The combination of the tasks identified with the resiliency parameters and the available resources associated with the required skill set are transmitted to an allocating means 130. The identified tasks may or may not be tuned. The allocation means 130 is configured to create at least one allocation plan based on the task identified in the DOS 105, the resiliency parameters and the available resources. The allocating means 130 is also interfaced with a database 120, which can provide the allocating means 130 with several different types of data (e.g., past outages, skills availability, baseline resiliency, etc.). The allocating means is configured to feed the at least one allocation plan 140 to an output means 150. The output means 150 is configured to test each of the at least one allocation plans 140 and determine the most optimal allocation plan 155, which is then assigned to the client. In one embodiment, the output means 150 is also interfaced with the database 120 such that the output means 150 can use parameters such as past outages and the likes to identify the most optimal allocation plan 140. The output means 150 and the allocating means 130 are interfaced such that each of the allocation plans that are tested, may be sent back to the allocating means 130 to be refined further and then tested again in the output means 150 iteratively.

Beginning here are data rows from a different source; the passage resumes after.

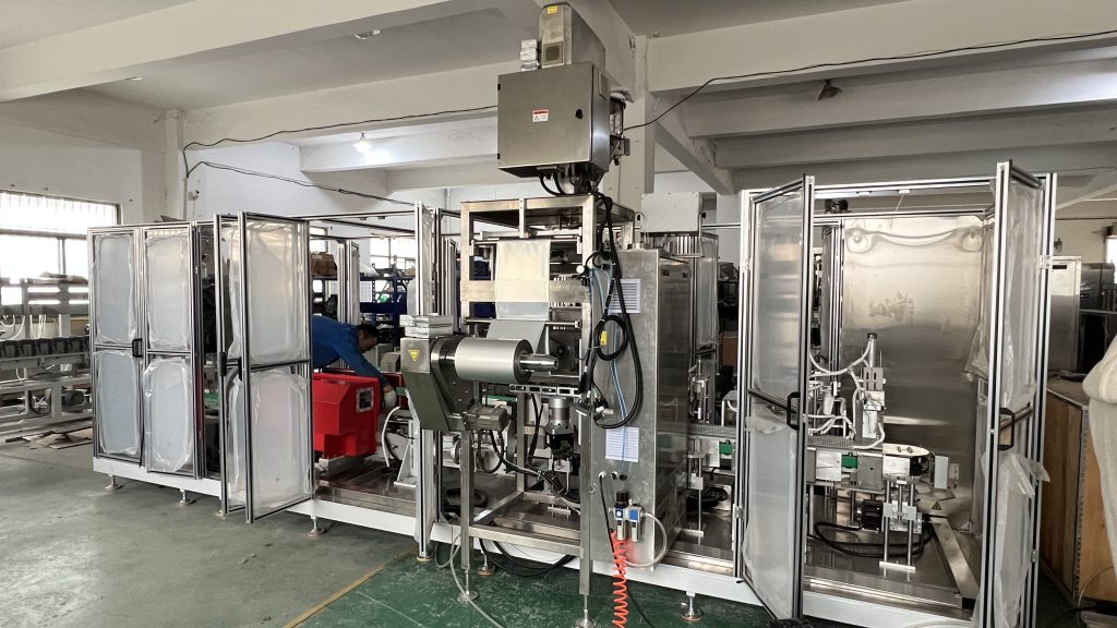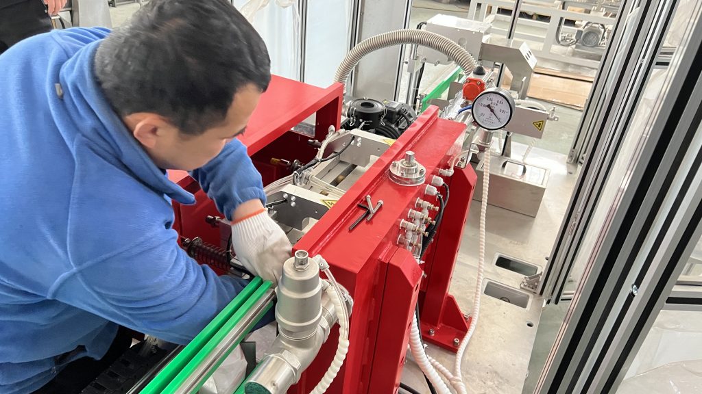 الآن الآلة جاهزة للتسليم وبعد بدء لقاء الفيديو مع العميل لفحص الماكينة الخط كله جاهز للتسليم.
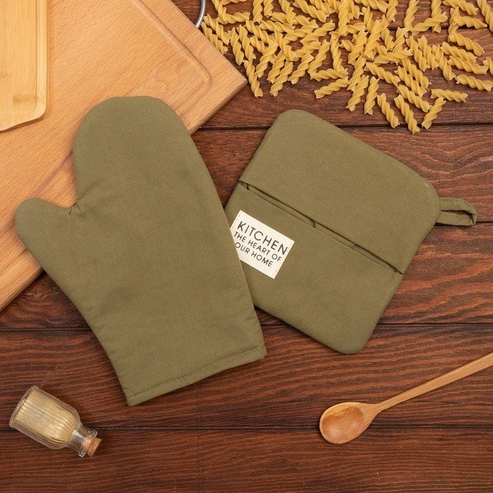 Набор кух. Этель Kitchen, цв. зелёный, варежка-прихватка 18×29 см, прихватка 19×19 см
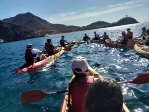 La semana del 22 al 26 de septiembre nos visitó el alumnado de intercambio con Suecia gracias al programa Erasmus del Centro. Nuestros alumnos y alumnas de 2º de Bachillerato los acogieron y acompañaron en actividades como la visita a la UAL, con un taller especial organizado por Emprende UAL, o la actividad de kayak en Cabo de Gata y la visita a Crisol donde el alumnado pudo ver la evolución de cultivos bajo plástico
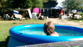 Smallish towheaded Bonnie Dolce和Josh在一个微不足道的游泳池里享受户外乐趣。
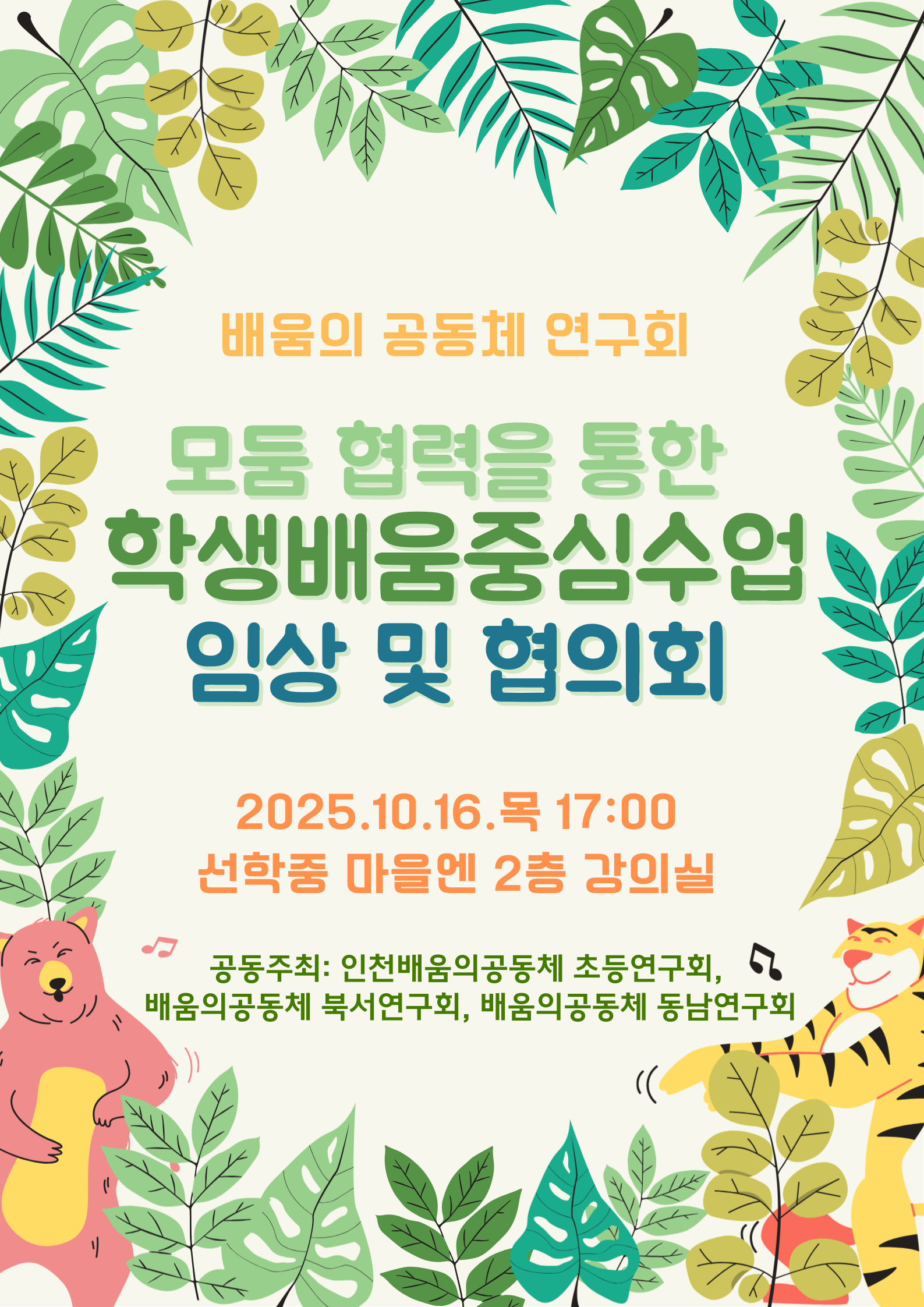연합팀 미래교육 연수구 모둠 협력을 통한 학생배움중심수업 임상 및 협의회 공동체명배움의공동체 동남연구회, 배움의공동체 북서연구회, 인천배움의공동체 초등연구회, 일시2025년 10월 16일 17:00 - 19:00 장소선학중학교 마을엔 2층 강의실 좌석32석 / 100석 나눔방법워크숍(대면) 담당자선학중 차민정 신청기간 마감 목록보기
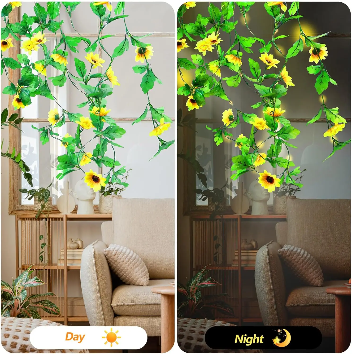 De jour, la lumière de tournesol est une chaîne de vignes de tournesol. La nuit, la lumière jaune chaude illuminera les coins de votre jardin, créant une atmosphère chaleureuse pour toute occasion. En tant que lumière d’ambiance de vacances, la lumière décorative de tournesol est un excellent choix.
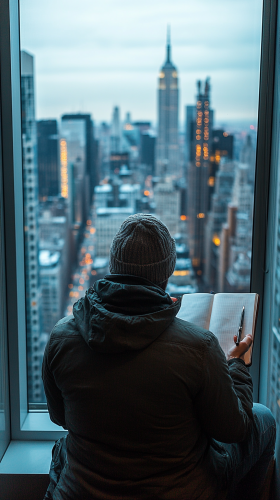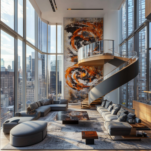 Leo's apartment, floor-to-ceiling windows, modern furniture, city skyline view, abstract art, floating staircase, panoramic view, photorealistic, stunning, 8k, award-winning, dramatic
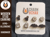 Earrings are made from 3mm wood and are approximately 0.5 inches to 0.6 inches high. The posts are made from hypoallergenic stainless steel. If you do not see a color you like feel free to request a customization!!
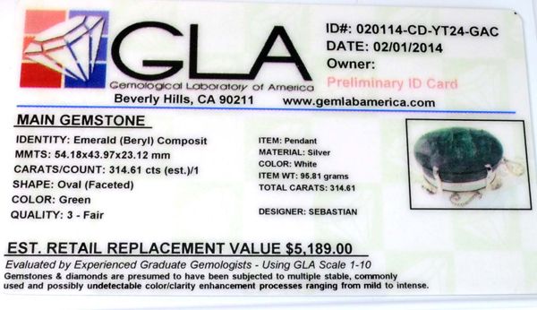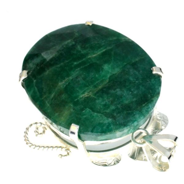 Designer Sebastian 314.61CT Oval Cut Green Beryl Emerald and Sterling Silver Pendant
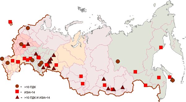 Список городов с катастрофическим уровнем загрязнения атмосферного воздуха в России увеличивается ежегодно, но многие годы в нем числятся Братск, Екатеринбург, Кемерово, Красноярск, Липецк, Магнитогорск, Москва, Нижний Тагил, Новокузнецк, Новосибирск, Ростов-на-Дону, Тольятти, Норильск, а также Орск, Новотроицк.
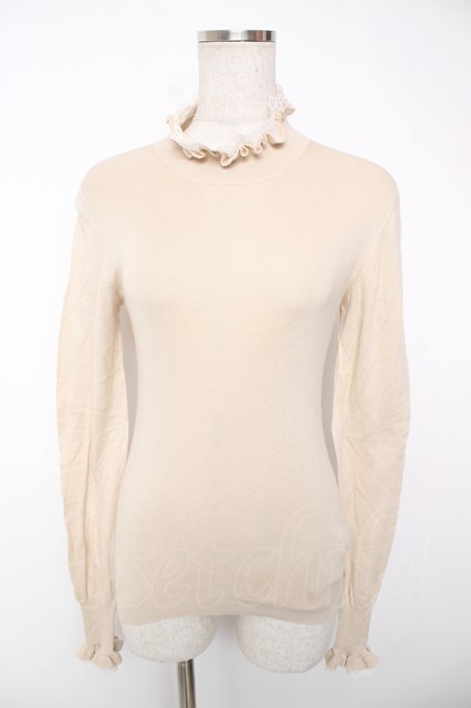 Jane Marple Dans Le Salon / レーストリミングのタートルセーター M アイボリー Y-25-12-22-109-JM-TO-SZ-ZY

The client is coupled to the resiliency planning system 100 by means of a wired network, a wireless network or a combination thereof. For example a wired network includes coupling via cable, optical fiber and the like. Wireless networks include wireless standard such as Bluetooth, digitally enhanced cordless telecommunication (DECT), dedicated short range communication (DSRC), HIPERLAN, HIPERMAN, IEEE 802.11x, IRDA, Radio frequency Identification (RFID), WiFi, WiMax, xMax, ZigBee and the like. In one embodiment, the client is configured to create the DOS 105 based on the requirements at the client, and then transmit the DOS 105 to the resiliency planning system 100. The client is configured to initiate transmitting the DOS 105 to the resiliency planning system 100 using push mechanism. The resiliency planning system 100 is then configured to receive the request from the client, analyze the DOS 105, generate at least one or more allocation plans and select the most optimal allocation plan for performing the DOS 105. An advantage of this method is better predictability, efficient performance and cost savings.

Workload Analyzing Means

Reference is now made to FIG. 1, wherein the workload analyzing means 118 is configured to determine a plurality of resiliency parameters and the values of the resiliency parameters, depending on the tasks provided by the analyzing means 112. These resiliency parameters determine the critical tasks that cannot be bypassed and also have a relatively short timeframe for completion. The workload analyzing means 118 interfaces with a repository 120 consisting of a knowledge base representing historical information.

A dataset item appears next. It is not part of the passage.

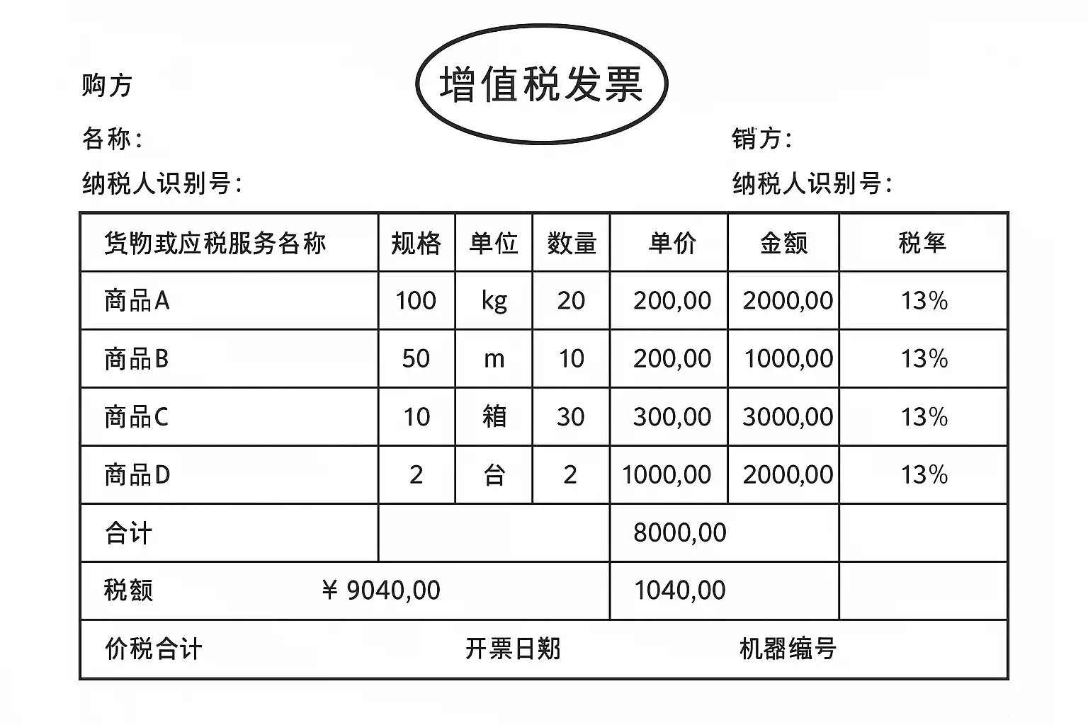 - 增值税专用发票:用于一般纳税人之间可抵扣进项税额的大宗交易。
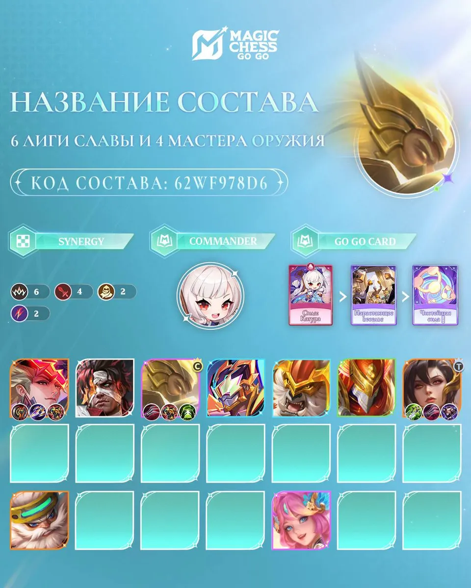 - Ранняя игра: активируйте 4 Лиги славы. Плавно переходите к средней игре с увеличенным щитом и гибридной АТК.

The historical information in the repository can determine the importance of a service and/or if a step in a process or the end-to-end process is critical. The repository 120 is additionally configured to store rules defined by a domain expert. An example of a rule can be “Security service is critical and should be available at all times” or “70% of the command center operations for every contract should be included for resiliency support.”

The repository 120 of historical information can also utilize trend analysis to determine the percentage of critical workload for a service. For example, depending on past outages it could indicate that “80% of Sev2 tickets in Windows Patch Management are critical.” The workload analyzing means 118 also considers the quality of service parameters mentioned in the service level agreements of the DOS 105 to determine the criticality of a task. The resiliency parameters and their values determined by the workload analyzer means can be optionally be tuned by the user to correctly reflect the customer resiliency needs. The user can augment the output with values for additional parameters.

Skills Mapping Means

A skills mapping means 116 component performs the mapping of a given set of tasks output by a analyzing means (contract analyzer) 112 to a corresponding set of skills required to perform the tasks. The output is at a granularity level that is understood by the allocation engine 130. An example output could be the number of resources required for each skill, their expertise level and the percentage of usage for each resource.

Allocating Means

This component interfaces with a number of other components to determine an intelligent skill allocation plan to satisfy the customer desired resiliency requirements.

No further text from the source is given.